Data below »
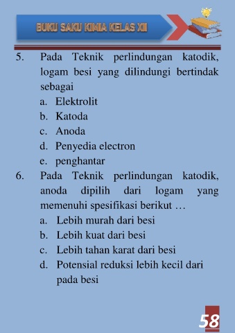 5. Pada Teknik perlindungan katodik,
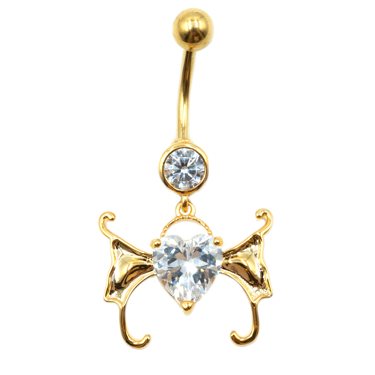 Σκουλαρίκι Αφαλού από Ατσάλι Επιχρυσωμένο με Ζιργκόν και Σχέδιο από Μπρούτζο- BELJ438
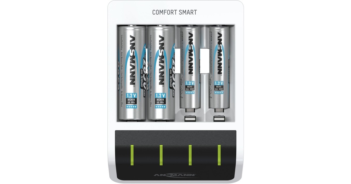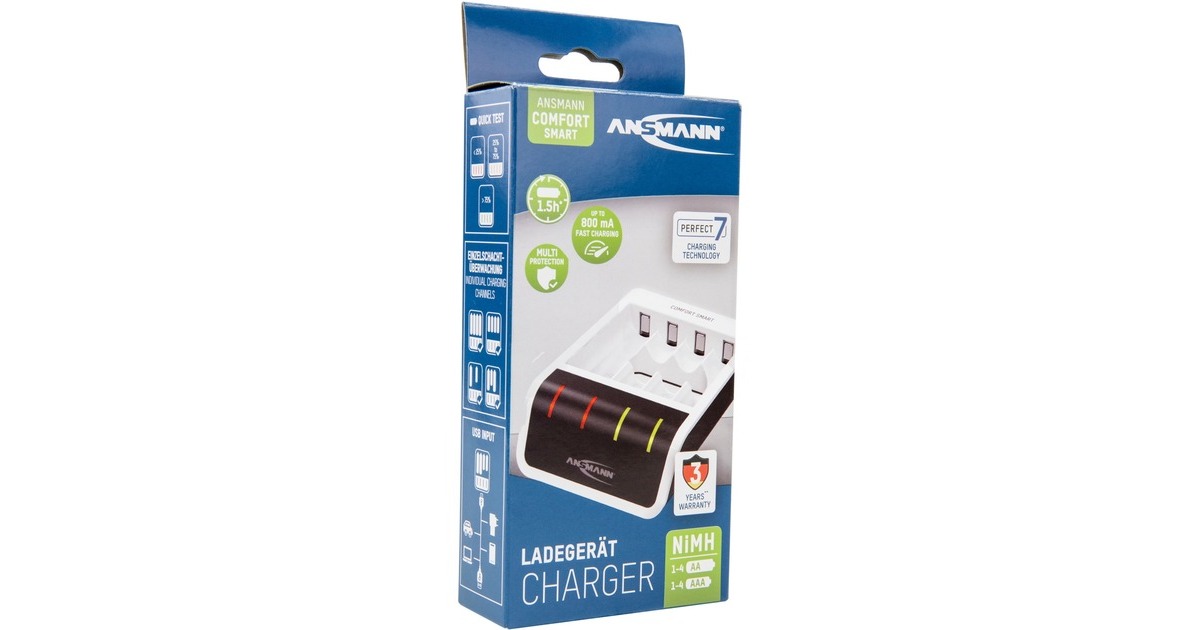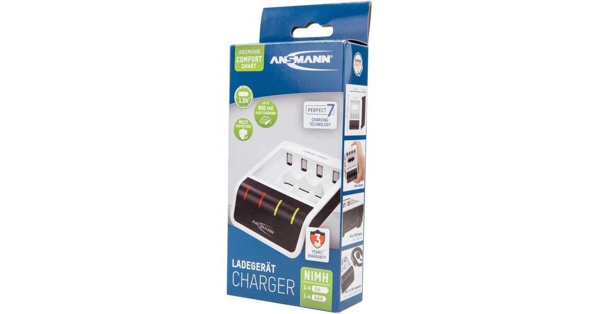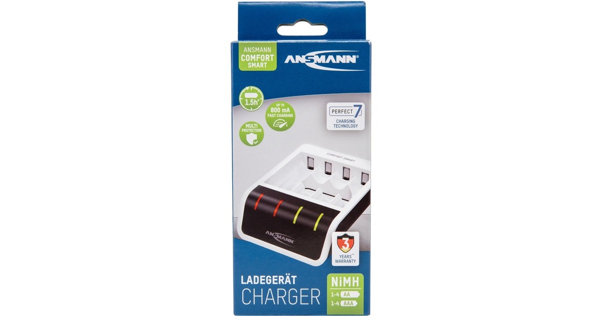 Dank der intelligenten "PERFECT 7"-Ladetechnologie sorgt das Comfort Smart Ladegerät von Ansmann präzise und schnell für volle Akkus. Die vollautomatische 7-Stufen-Ladung maximiert die Lebensdauer und die Leistung der Akkus erheblich. Das innovative Ladeverfahren basiert auf neuesten Erkenntnissen aus der Akku-Forschung und berücksichtigt eine Vielzahl von individuellen Parametern. Die übersichtliche Statusanzeige ermöglicht eine intuitive Bedienung. Dank der einfachen 3-farbige LED-Anzeige ist das Ablesen des jeweiligen Zellen-Status kinderleicht. Durch das kompakte Design des Comfort Smart ist es möglich, dieses bequem auf Reisen mitzunehmen oder bei Outdoor-Aktivitäten stets griffbereit zu haben. Das intelligente Schnellladegerät kann bis zu vier Akkus der Größen Mignon und/oder Micro laden. Die Akkus können dabei gemischt in einen beliebigen Ladeschacht eingelegt werden. Es ist keine Rücksicht auf Baugröße oder Kapazität notwendig. Jede Zelle wird während des Ladevorgangs einzeln überwacht und individuell bis zur maximalen Kapazität geladen.Art.-Nr.: 1846945
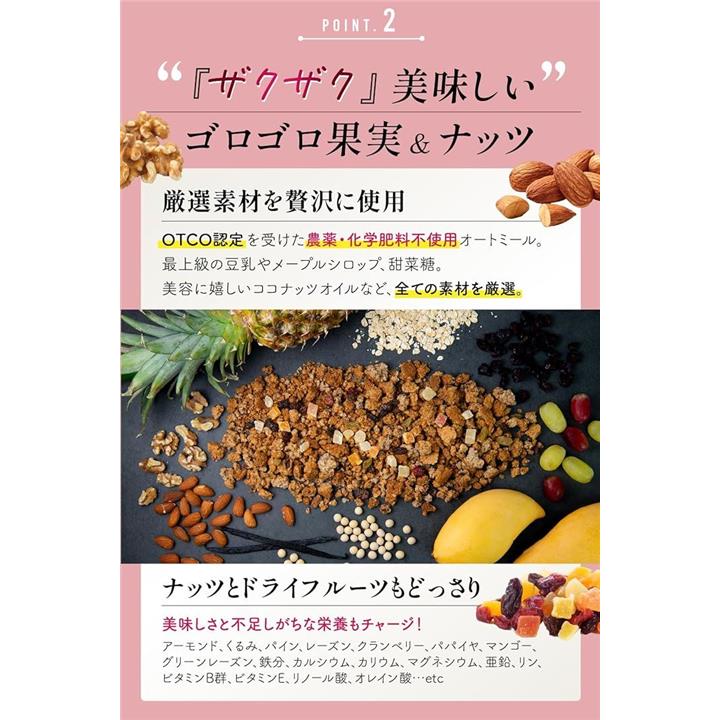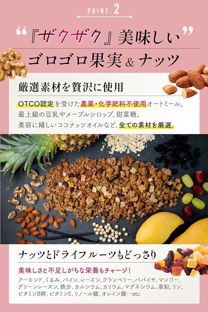 み、ドライフルーツ(パイン、レーズン、クランベリー、パパイヤ、マンゴー、グリーンレーズン)、ココナッツオイル、豆乳、てんさい糖、イヌリン、バニラビーンズ、ヒマラヤ岩塩

Your instructions » Reproduce exactly the lines from the one with "Dank der intelligenten" to the bottom of the listing, both ends included, and nothing else. Skip the pictures.

Response to the task »
 Dank der intelligenten "PERFECT 7"-Ladetechnologie sorgt das Comfort Smart Ladegerät von Ansmann präzise und schnell für volle Akkus. Die vollautomatische 7-Stufen-Ladung maximiert die Lebensdauer und die Leistung der Akkus erheblich. Das innovative Ladeverfahren basiert auf neuesten Erkenntnissen aus der Akku-Forschung und berücksichtigt eine Vielzahl von individuellen Parametern. Die übersichtliche Statusanzeige ermöglicht eine intuitive Bedienung. Dank der einfachen 3-farbige LED-Anzeige ist das Ablesen des jeweiligen Zellen-Status kinderleicht. Durch das kompakte Design des Comfort Smart ist es möglich, dieses bequem auf Reisen mitzunehmen oder bei Outdoor-Aktivitäten stets griffbereit zu haben. Das intelligente Schnellladegerät kann bis zu vier Akkus der Größen Mignon und/oder Micro laden. Die Akkus können dabei gemischt in einen beliebigen Ladeschacht eingelegt werden. Es ist keine Rücksicht auf Baugröße oder Kapazität notwendig. Jede Zelle wird während des Ladevorgangs einzeln überwacht und individuell bis zur maximalen Kapazität geladen.Art.-Nr.: 1846945
 み、ドライフルーツ(パイン、レーズン、クランベリー、パパイヤ、マンゴー、グリーンレーズン)、ココナッツオイル、豆乳、てんさい糖、イヌリン、バニラビーンズ、ヒマラヤ岩塩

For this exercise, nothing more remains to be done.